Micromachined Integrated Transducers for Ultrasound Imaging

The purpose of this project is to develop capacitive micromachined ultrasonic transducers (CMUTs) for medical imaging. Medical ultrasound transducers used today are fabricated using piezoelectric materials and bulk processing. To fabricate transducers capable of delivering a higher imaging resolution it is however necessary to develop new fabrication methods that allows fabrication of transducer elements with smaller dimensions.

By using microfabrication technology it is possible to push the dimensions down and provide higher design flexibility. This project is part of a large ultrasound project and collaboration with a lot of partners to improve medical ultrasound imaging. The focus in this part of the project is to design, fabricate and characterize 1D CMUT arrays.

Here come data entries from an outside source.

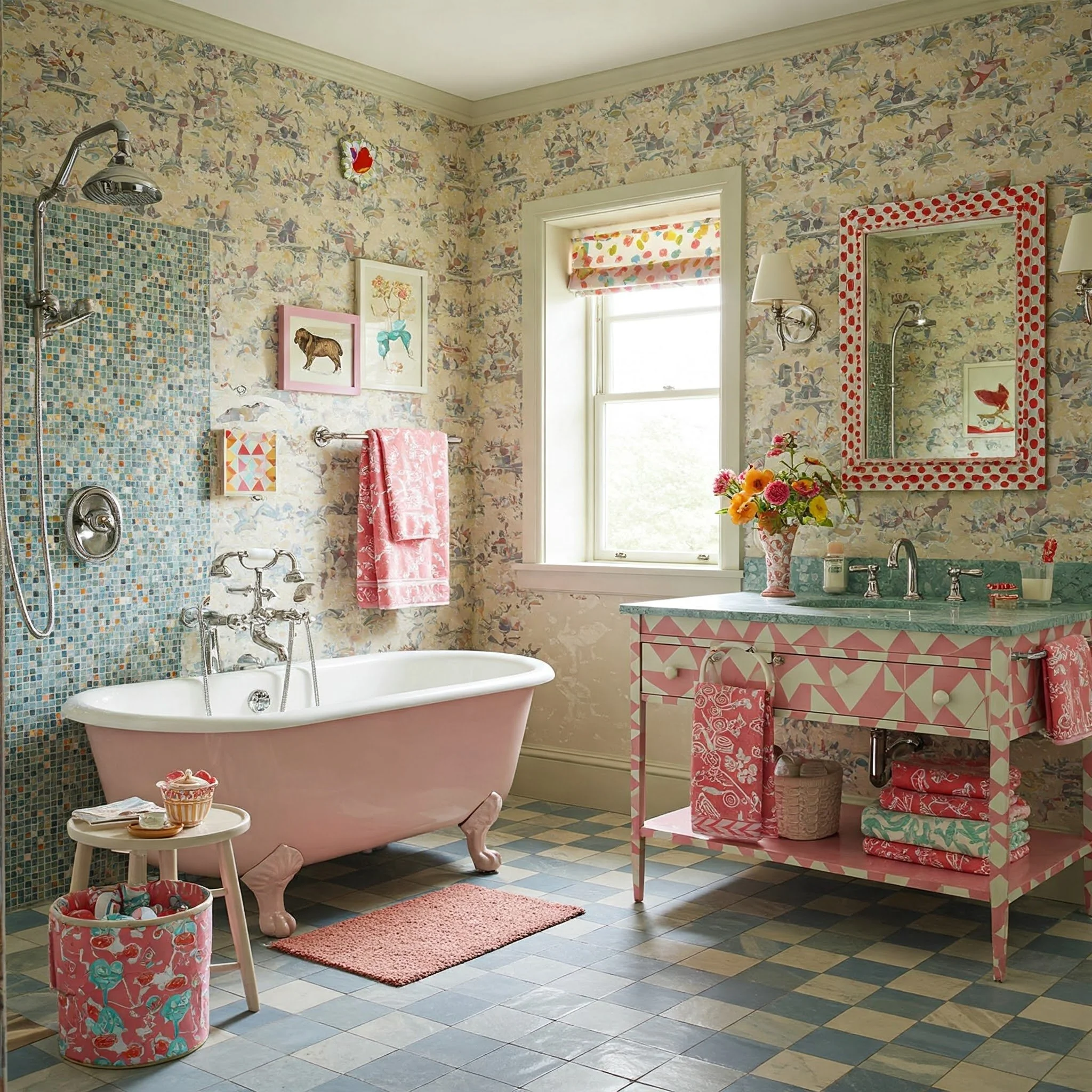 A country bathroom doesn’t have to be all wood and neutral palettes. Feel free to play around with playful patterns like gingham, plaid, or floral prints. Whether you choose curtains, wallpaper, or even stenciled designs on the walls, these cheerful motifs provide a lively contrast to the rustic elements. Picture a checkered shower curtain that makes you smile each morning, or a subtle floral wallpaper that ties the room together without overwhelming it. The trick is balance: if you opt for bold prints on the walls, keep the rest of the space fairly understated. Conversely, if your bathroom is predominantly neutral, a patterned element can be just the pop of fun it needs. Ultimately, these patterns whisper of farmhouse kitchens and fields of wildflowers, reminding you that a country lifestyle is anything but dull.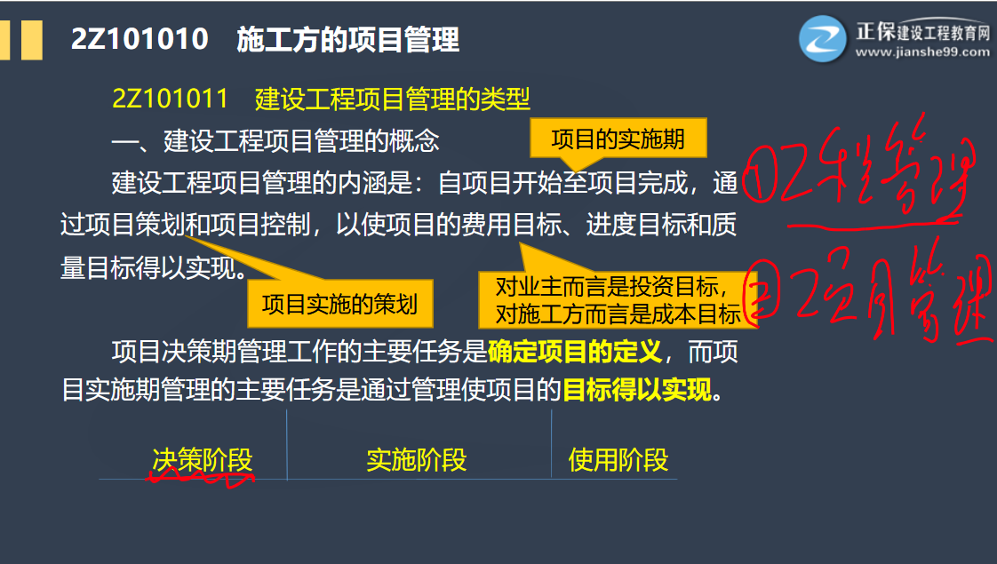 建設(shè)工程項目管理概念-建設(shè)工程項目管理的內(nèi)涵是:自項目開始至項目完成,通過項目策劃和項目控制,以使項目的費用目標(biāo)、進度目標(biāo)和質(zhì)量目標(biāo)得以實現(xiàn)。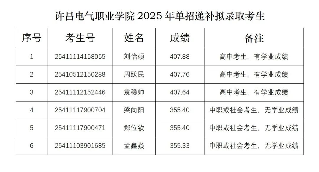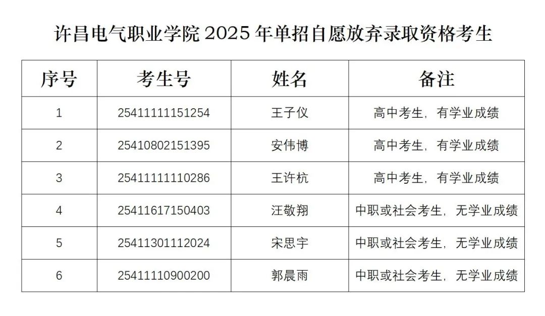 根据《许昌电气职业学院2025年单独招生工作实施方案》相关规定及工作流程,经考生本人申请、招生就业处审核,现对截至2025年4月27日18时自愿放弃录取资格的6名考生信息予以公示,名单如下:

Two versions of 1D transducers are made, one at Stanford University and one at DTU. Electrical and acoustical characterizations are carried out successfully for both types of arrays. The arrays made at Stanford is found to suffer from low breakdown voltage of the supporting oxide and was not useful for medical imaging.

The arrays made at DTU are used for various tests, both of the design, performance, possible packaging, and post-processing. The electrical characterization shows serious charging effects in the device which is shown to be reduced by reversing the bias polarity. Furthermore, the wirebonding and glob top packaging scheme shows to cause loose connection for several elements.

This is still under investigation, but two possible solutions are suggested. Two devices are assembled into probe handles and initial acoustical characterizations are promising. Even though the sensitivity is currently low, images are produced with recognizable features both on phantoms and volunteers.

It can be mentioned that a -6 dB fractional bandwidth of 100-110 % is measured.